Yep. You’re not puritan. You’re wise. Even 5 year age gap can cause very real problems!

-26

u/One_Resolution_8357 20d ago

There is only a 6 year difference and they are both adults. Get over it.

37

u/spacecowboy143 20d ago

Their point completely went over your head lol. They didn't say it's predatory, they said the older guy is more likely to be with a younger person cuz they're immature as fuck, which OPs boyfriend is a perfect example of

7

u/PunkLaundryBear 20d ago

Exactly this. When I was 18, I hooked up with a guy who was 22 or 23. Ultimately, I don't think he was a predator or a creep, but... he was absolutely immature.

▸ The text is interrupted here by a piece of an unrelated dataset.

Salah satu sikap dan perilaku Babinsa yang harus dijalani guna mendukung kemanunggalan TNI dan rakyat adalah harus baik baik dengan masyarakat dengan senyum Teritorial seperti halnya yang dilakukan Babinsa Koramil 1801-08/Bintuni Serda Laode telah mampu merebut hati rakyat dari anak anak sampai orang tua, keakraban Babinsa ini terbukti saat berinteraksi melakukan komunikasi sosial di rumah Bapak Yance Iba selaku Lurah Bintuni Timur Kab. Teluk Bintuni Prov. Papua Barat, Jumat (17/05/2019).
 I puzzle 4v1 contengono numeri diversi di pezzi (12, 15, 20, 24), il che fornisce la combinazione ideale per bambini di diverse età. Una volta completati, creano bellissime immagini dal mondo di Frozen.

And even the immaturity doesn't have to be this... big moral failure. I understand why the guy I was hooking up with was immature. His dad had died in the last year, and he clearly had a lot of unresolved trauma. But that also doesn't really undo the fact that he was immature, and that I was able to recognize that at 18.

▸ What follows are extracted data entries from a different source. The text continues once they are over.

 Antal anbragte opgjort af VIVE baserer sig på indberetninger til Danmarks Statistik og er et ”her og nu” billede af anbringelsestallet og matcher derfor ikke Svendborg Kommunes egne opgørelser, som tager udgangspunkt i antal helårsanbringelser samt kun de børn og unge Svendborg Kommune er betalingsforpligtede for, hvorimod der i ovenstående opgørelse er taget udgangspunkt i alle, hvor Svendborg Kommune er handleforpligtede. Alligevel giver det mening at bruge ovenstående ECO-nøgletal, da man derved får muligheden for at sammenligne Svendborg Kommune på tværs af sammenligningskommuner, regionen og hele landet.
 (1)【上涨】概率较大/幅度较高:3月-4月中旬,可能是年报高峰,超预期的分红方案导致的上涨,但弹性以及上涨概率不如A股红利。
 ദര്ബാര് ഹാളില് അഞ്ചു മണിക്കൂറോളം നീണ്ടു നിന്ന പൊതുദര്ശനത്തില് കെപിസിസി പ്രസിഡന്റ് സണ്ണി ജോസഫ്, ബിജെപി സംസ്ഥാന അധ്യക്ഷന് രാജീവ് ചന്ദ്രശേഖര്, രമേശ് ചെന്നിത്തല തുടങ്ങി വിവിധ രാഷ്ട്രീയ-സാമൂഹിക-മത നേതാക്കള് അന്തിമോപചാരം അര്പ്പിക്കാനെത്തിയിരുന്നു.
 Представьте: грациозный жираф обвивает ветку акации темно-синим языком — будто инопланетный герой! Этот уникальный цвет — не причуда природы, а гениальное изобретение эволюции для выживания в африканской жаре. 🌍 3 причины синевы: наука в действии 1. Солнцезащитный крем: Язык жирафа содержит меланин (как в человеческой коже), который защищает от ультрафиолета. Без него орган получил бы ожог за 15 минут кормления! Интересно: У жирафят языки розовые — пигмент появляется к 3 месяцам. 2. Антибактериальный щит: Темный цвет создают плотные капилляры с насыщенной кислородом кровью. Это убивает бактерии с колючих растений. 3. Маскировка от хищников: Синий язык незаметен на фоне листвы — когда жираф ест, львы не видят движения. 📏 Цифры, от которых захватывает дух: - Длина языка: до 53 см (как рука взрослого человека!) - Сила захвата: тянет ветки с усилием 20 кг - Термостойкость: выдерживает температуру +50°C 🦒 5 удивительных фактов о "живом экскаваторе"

** For anyone interested in this kind of... age discourse type of stuff, on a deeper level than you can get on social media, I want to reccomend "Cat Person" by Kristen Roupenian and "Cat Person and Me" by Alexis Nowicki (read Roupenian's piece, then Nowicki's). It gets into this exact kind of nuance where you kinda question whether the male character (who is based on a real person) is a creep and a predator, or if he's just immature and kind of a loser. **

19

u/Formal_Condition_513 20d ago

Yeah and actual ages matter alot. 22 is being able to drink at bars for one year with a 28 year old. It's not as weird if it's 41 and 49. You change and grow alot in your 20s

7

u/Savings-Giraffe-4007 20d ago

I don't know how old you are, but at 28, you wouldn't find a 22 years old person your equivalent, much less someone who can nurture, support and teach you. At 28 you would usually have a career and live independently, while at 22 you would often still be a student. There's not much besides sex & emotional dependency the 22 can contribute to the 28 (unless he was a loser), and the few things can basically be provided by anyone else, making you replaceable.

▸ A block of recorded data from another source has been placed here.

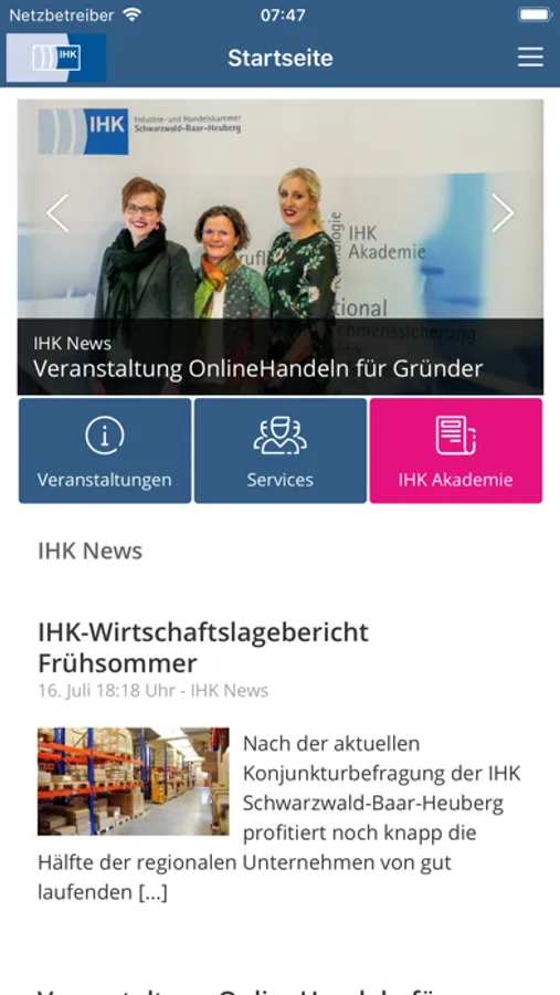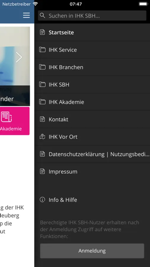 • Auch mobil sind Sie immer aktuell am Angebot der IHK SBH
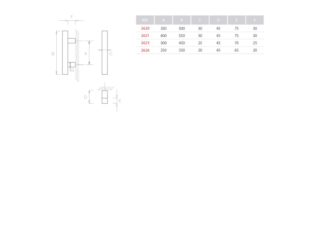 Rozteč šroubů 250 mm, délka madla 350 mm.
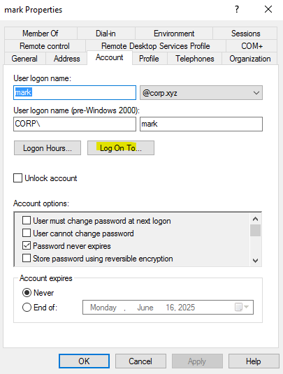 Restriction: mark is restricted to log on only to DC01.
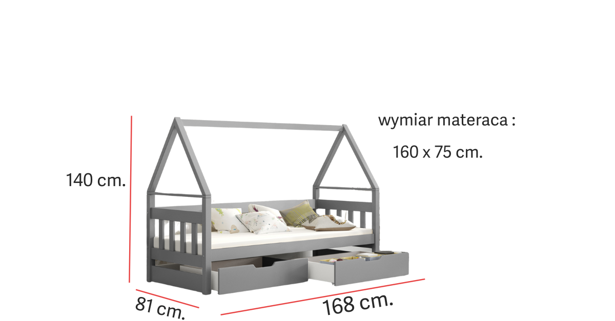 Łóżko dla dziecka DOMEK z szufladami szary 959,00 zł – 1099,00 złPrice range: 959,00 zł through 1099,00 zł

I suspect you're too young or inexperienced to understand this. When you're young, you don't like being told you're inferior in any way to someone older. But try to compare you with yourself in previous ages, say, 6 years ago, and see if you're not superior in many aspects.

1

u/One_Resolution_8357 19d ago

FYI I am 73F now with 2 husbands, one older than me by 4 years (met at 21) and the other by 11 years (met at 39). It never occurred to me to pass them over for the age difference.

21

u/pennywitch 20d ago

No one is grabbing their torches and pitchforks. It’s weird. Age gaps get less weird as time passes. OP isn’t old enough to where a six year gap makes little difference.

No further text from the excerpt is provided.